A substring of string S can be obtained by deleting several (or zero) characters from the beginning of S and several (or zero) characters from the end of S, leaving at least two characters from S. For example, if S = "abcdfab", then "abcd", "fab", "bcdfa", "abcdfab" are substrings of S, while "abab", "", "d", and "adcdab" are not substring of S.

I am trying to figure out a way to check if a binary string of length N is good.

The naive way is to check every substring of this binary string which has the time complexity of O(N^2), is there an algorithm which can have a time complexity of O(N) or better?

Upvotes: 0

Views: 72

Answers (2)

paxdiablo
paxdiablo

Reputation: 881283

In order for every single (two-or-more-character) substring to have at least as many ones as zeros, there can be no consecutive zeros - in fact, you need at least two ones between every pair of zeros. That's because the string 010 is not valid but there's no two-character substring of 0110 that violates your constraint.

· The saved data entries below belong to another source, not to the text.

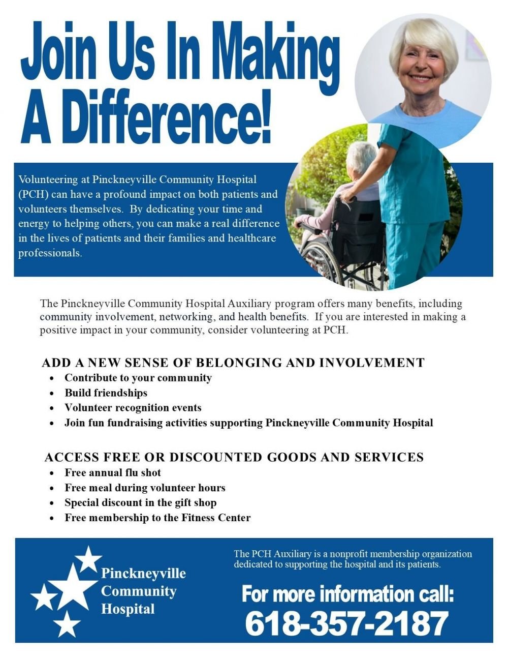For more information on joining the Pinckneyville Community Hospital Auxiliary, please call 618-357-8898 .
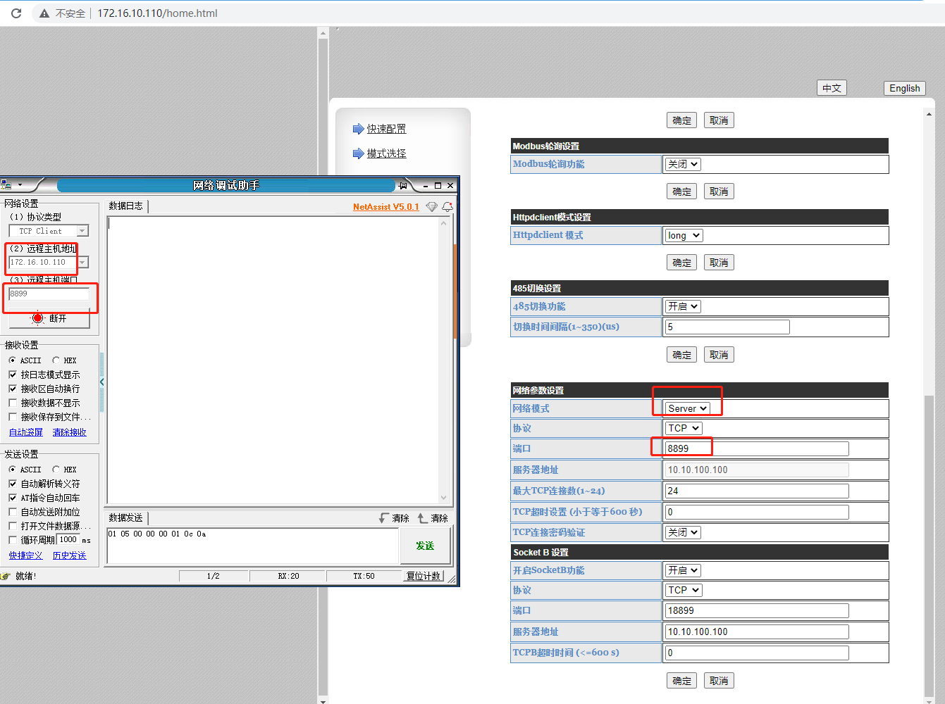 3、USB轉(zhuǎn)232的串口線接電腦,打開(kāi)一個(gè)串口調(diào)試助手模擬終端設(shè)備,可以看到串口和網(wǎng)絡(luò)端的數(shù)據(jù)正常通訊。
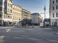 A bright day in Berlin, Germany, with clear skies and bustling urban streets. Residential buildings line the asphalt roads, while trams and automobiles navigate the urban infrastructure. Open spaces and street lights add to the city's urban design.
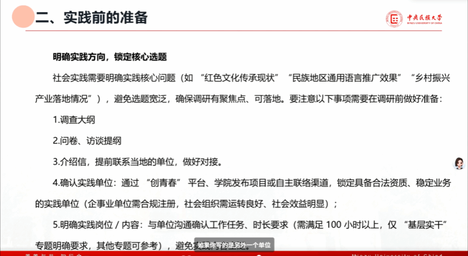 深耕田野,实干致远,为切实保障寒假社会实践活动有序开展,提升实践调研质量与安全防护能力,william威廉中文官网于2025年12月30日晚组织开展“语‘践’韶华”·寒假社会实践第三期行前教育课程——社会实践安全教育暨优秀团队调研经验分享。本次课程由学院2022级博士生杨正瑛主讲,团委科创实践中心潘存昶杨做安全提示专题分享,学院团委书记彭傲老师及各实践团队成员参会。分享会由团委科创实践中心尼欣怡主持活动。
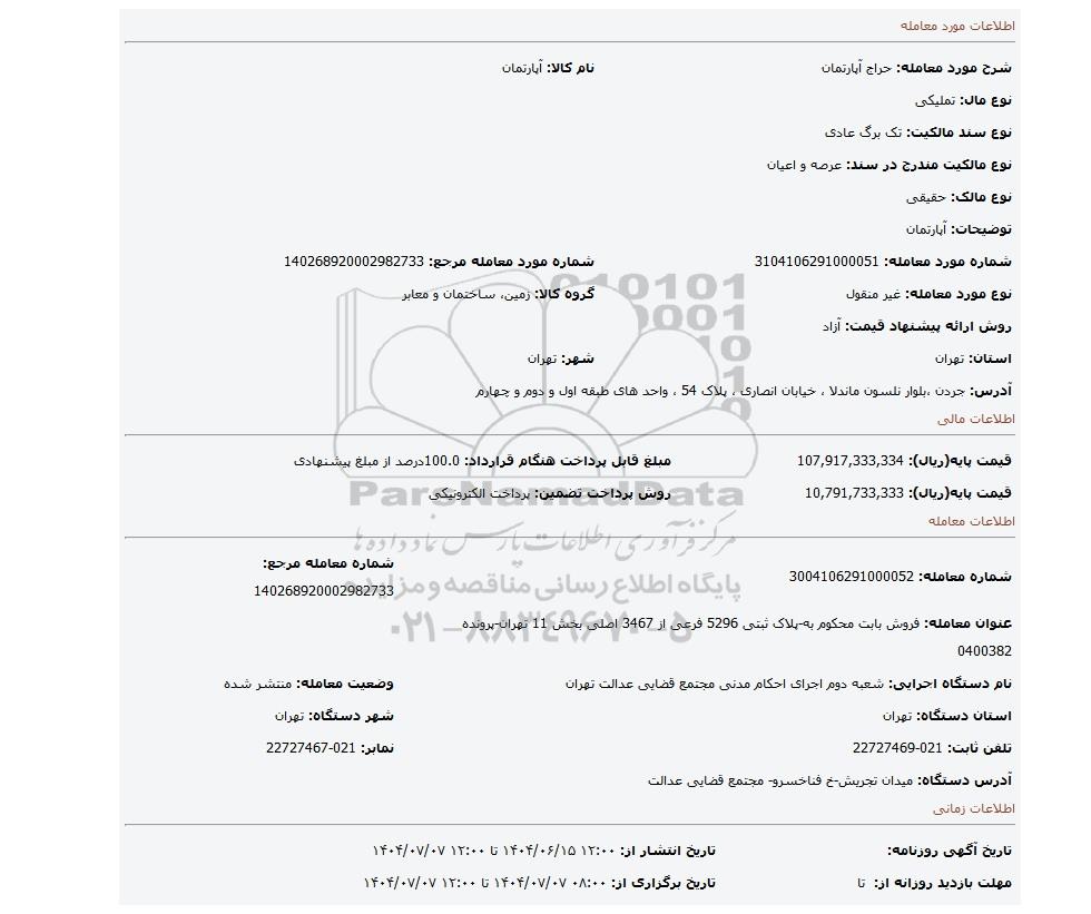 | شرح مورد معامله: حراج آپارتمان | نام کالا: آپارتمان | |

So the algorithm would be:

set oneCount to 2 # Zero at start of string is okay.
for each character ch in string:
    if ch is 0:
        if oneCount is less than 2:
            generate error
        set oneCount to 0
    else:
        increment oneCount

That's actually O(n) time but you can actually do better than that by amortising the cost. Since there may be multiple modifying operations on the string before checking, you can defer the checking to bring the amortised cost down.

By that, I mean cache the validity of the string so that, if you check without having modified it, just return the cached value instead of re-checking. That's the coarsest level of amortisation but may result in improvements just on its own:

define string = "", dirty = false, cachedValidity = true

define isValid():
    if dirty:
        cachedValidity = true
        set oneCount to 2
        for each character ch in string:
            if ch is 0:
                if oneCount is less than 2:
                    cachedValidity = false
                    exit for loop
                set oneCount to 0
            else:
                increment oneCount
    dirty = false
    return cachedValidity

Then you just have to ensure that any operation on the string sets dirty to true, something that's actually quite easy in an object-oriented language.

For even more optimisation, you don't need to set dirty to true for all operations, it actually depends on what you're doing. The string validity will not change under (at least) the following conditions:

  1. If you insert a one next to another one.
  2. If you delete a one that was between two other ones.
  3. If you insert a zero right in the middle if four consecutive ones.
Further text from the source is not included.